Power Outage Cause Prediction

Predicting Power Outage Causes Across U.S. States

Introduction

The dataset we chose for our project is ‘Power Outages’ Dataset, which contains data on major power outages across different states of the United States during January 2000 and July 2016. The dataset contains about 1534 datapoints and 57 features, of which we have selected the following columns to perform our project on.

Column	Description
`'MONTH'`	Month an outage occurred
`'U.S._STATE'`	State the outage occurred in
`'POSTAL.CODE'`	Represents the postal code of the U.S. states
`'ANOMALY.LEVEL'`	Oceanic El Niño/La Niña (ONI) index referring to the cold and warm episodes by season
`'CAUSE.CATEGORY'`	Categories of all the events causing the major power outages
`'OUTAGE.DURATION'`	Duration of outage events (in minutes)
`'CUSTOMERS.AFFECTED'`	Number of customers affected by the power outage event
`'TOTAL.PRICE'`	Monthly electricity price combined across all sectors (cents/kilowatt-hour)
`'CLIMATE.CATEGORY'`	This represents the climate episodes corresponding to the years

Data Cleaning and EDA

The first and foremost step to ensure no undesirable outcomes in the data, and making the data more interpretable.

Data Cleaning

Most data collected by public institution is already preprocessed, but upon analysis, we came across a few unwanted characteristics that we took care of in the following steps:

1) Selecting only relevant features We dropped features that we didn’t want and only kept the features as listed: 'MONTH' , 'POSTAL.CODE', 'U.S._STATE' , 'ANOMALY.LEVEL', 'CAUSE.CATEGORY' , 'OUTAGE.DURATION' , 'CUSTOMERS.AFFECTED', 'RES.PRICE'.

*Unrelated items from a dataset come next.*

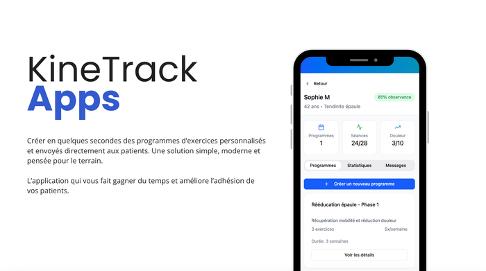 Nous développons KineTrack, une application qui connecte le kinésithérapeute et son patient en créant une continuité de soin entre le cabinet et le domicile.
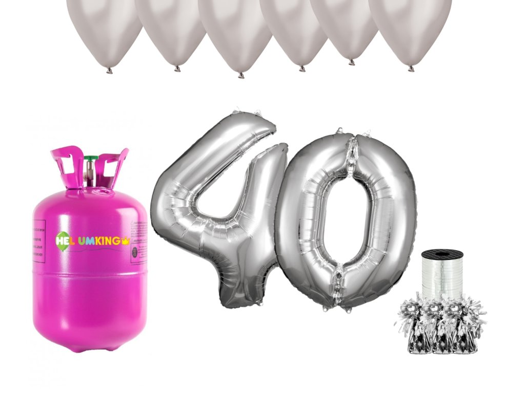Set pentru 40 petrecere a aniversării zilei de naștere cu heliu și baloane argintii
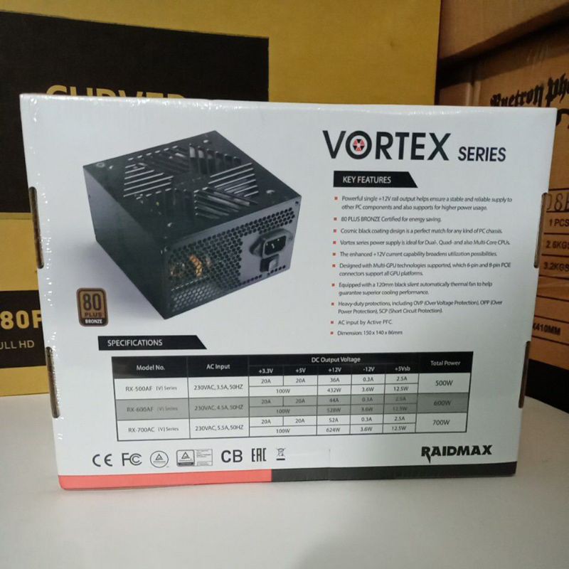 RX500AFV Raidmax Vortex 500W 80 Plus Bronze NonModular PSU is available from Laptop Direct and it is sold as new from our Power supply unit range of products For reference purposes, the price of R652 is valid 2102, and while stocks last, may be valid until , but this is a guide only Prices may change without prior notice. Product Title RAIDMAX Vortex 735W ATX 12V v23 / EPS 12V SLI Ready Crossfire Ready 80 Plus Bronze Certified SemiModular Power Supply (735W) Average Rating ( 00 ) out of 5 stars Current Price $5999 $ 59 99. Power up your rig with the powerful and stable Raidmax Vortex 700W 80 PLUS Bronze NonModular PSU It utilises a single 12V rail output for enhanced stability and further possibilities This power supply is designed with heavyduty protective technologies, namely Over Voltage Protection (OVP), Over Power Protection (OPP) and Short Circuit.
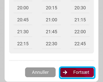 - Scroll ned på siden, vælg første ledige klokkeslæt og klik på "Fortsæt".
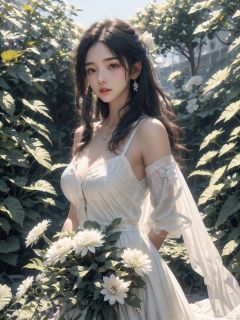 masterpiece, 1 girl, 16 years old, Maiden, Look at me, Lovely, Long hair, Black hair, Outdoor, Garden, Soft light, Angel, White broken flower skirt, Huge flowers, textured skin, super detail, best quality, 8k
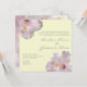 A tropical wedding invitation featuring a close up photo of a light pink hibiscus. Opposite side features photos of light pink hibiscus flowers at top left and bottom right corners. Personalise the grey text with detail of your event. Wording is from bride's parents.

2) Renaming columns: We renamed the columns to be more readable and interpretable and then combined the row with the units and combined it with the corresponding columns

The first couple of rows of the dataframe after cleaning are as follows:

	Climate Region	State	State Code	Cause Category	…	Anomaly Level (numeric)	Residential Price (cents / kilowatt-hour)	Customers Affected	Month
1	East North Central	Minnesota	MN	severe weather	…	-0.3	11.6	70000.0	7.0
2	East North Central	Minnesota	MN	intentional attack	…	-0.1	12.12	NaN	5.0
3	East North Central	Minnesota	MN	severe weather	…	-1.5	10.87	70000.0	10.0
4	East North Central	Minnesota	MN	severe weather	…	-0.1	11.79	68200.0	6.0
5	East North Central	Minnesota	MN	severe weather	…	1.2	13.07	250000.0	7.0

Exploratory Data Analysis

Univariate Analysis

For a holistic univariate analysis, we performed quite a few visualizations and have listed the the most useful below

The first plot below displays the trends in cause of power outage from the years 2000 to 2016

The second plot below is a chlorpleth map that has varying shades of color - darker the state, the more power outages it has witnessed. (Note: For a more relative and accurate representation, the values of frequencies were converted to log)

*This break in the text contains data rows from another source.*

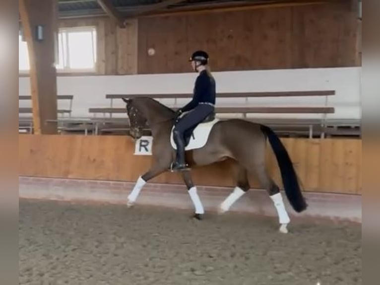 5-year-old Hanoverian mare from the breeder "Von und Zu" – Don Bosco x Prince Thatch xx Noble Hanoverian mare, linebred to the grand sire "Prince Thatch xx," candidate for premium status, with excellent dressage aptitude, combined with good rideability and a friendly, human-oriented nature. Notably, she has an active hindquarters with an outstanding walk. Her training was approached in a calm, trust-based manner by an amateur rider and show jumper, providing a solid foundation for her further development. A raw diamond with great potential for sport or leisure riding. Half-siblings have already achieved success up to multiple Grand Prix victories. Very good X-ray results. Tel. 0171 9901553
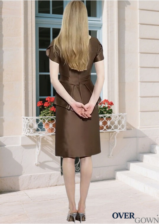 Knee-Length T-Shirt Sleeve Chocolate Mother of the Bride Gown
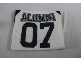 Small blue and white alumni baseball tee.
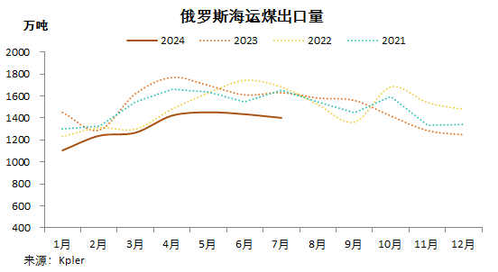 2024年1-7月份,俄羅斯海運煤出口量累計9320.57萬噸,同比降15.79%。今年以來,制裁、鐵路運力低以及物流成本高等因素制約著俄羅斯煤炭的出口。

The third plot below performs similarly to the previous chlorpleth map, but this one is a chloropleth map for total power outage duration per state, with the darker the state, the more total duration of power outages it has faced. (Note: For a more relative and accurate representation, the values of frequencies were converted to log)

Bivariate Analysis

For a holistic bivariate analysis, we performed quite a few visualizations and the most significant results are as below:

The plot below is a sunburst plot for the top 12 states by frequency of power outages. The proportion of each state is segmented by the different power outage causes to give a visual idea of the most common root cause for power outages in each state and how many major causes are prevalent (Single dominating cause in case of Michigan, and Multiple dominating causes in case of California)

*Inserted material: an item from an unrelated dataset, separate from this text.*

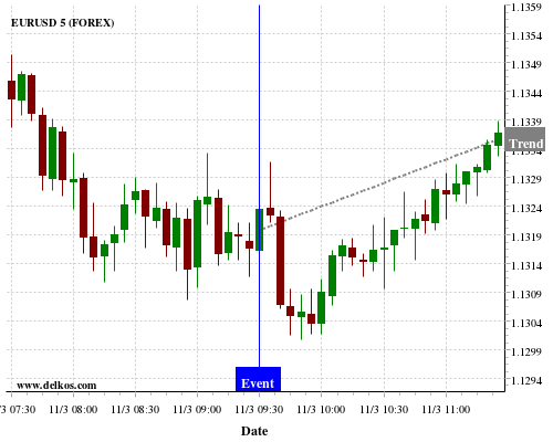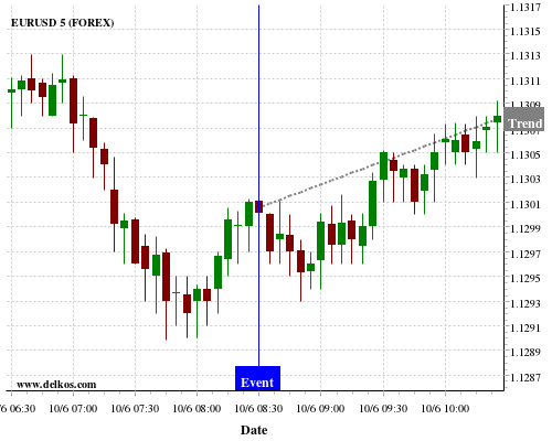 Если показатель Выше чем консенсус экономистов существует 75% вероятность того, что EURUSD будет расти после новостного события.

The following plot is a box-and-whisker plot for the distribution of power outage durations for each of the 12 states with the most number of power outages. This gives us an insight on how tight or spread the distribution of outages is and an insight into what potential outliers might be present for each state

Interesting Aggregates

The following is a pivot table generated that shows the average outage duration (in minutes) for different combinations of climate categories and cause categories, revealing how different factors impact power restoration times. The data reveals that fuel supply emergencies cause the longest outages, with warm regions experiencing nearly 16-day interruptions (22,799 minutes). Severe weather consistently produces extended outages across all climate types, though warm regions suffer the most (4,416 minutes). Climate significantly influences outage patterns - normal regions face longer equipment failures, while cold regions experience prolonged public appeals. Intentional attacks show an interesting pattern, with decreasing duration as temperatures rise.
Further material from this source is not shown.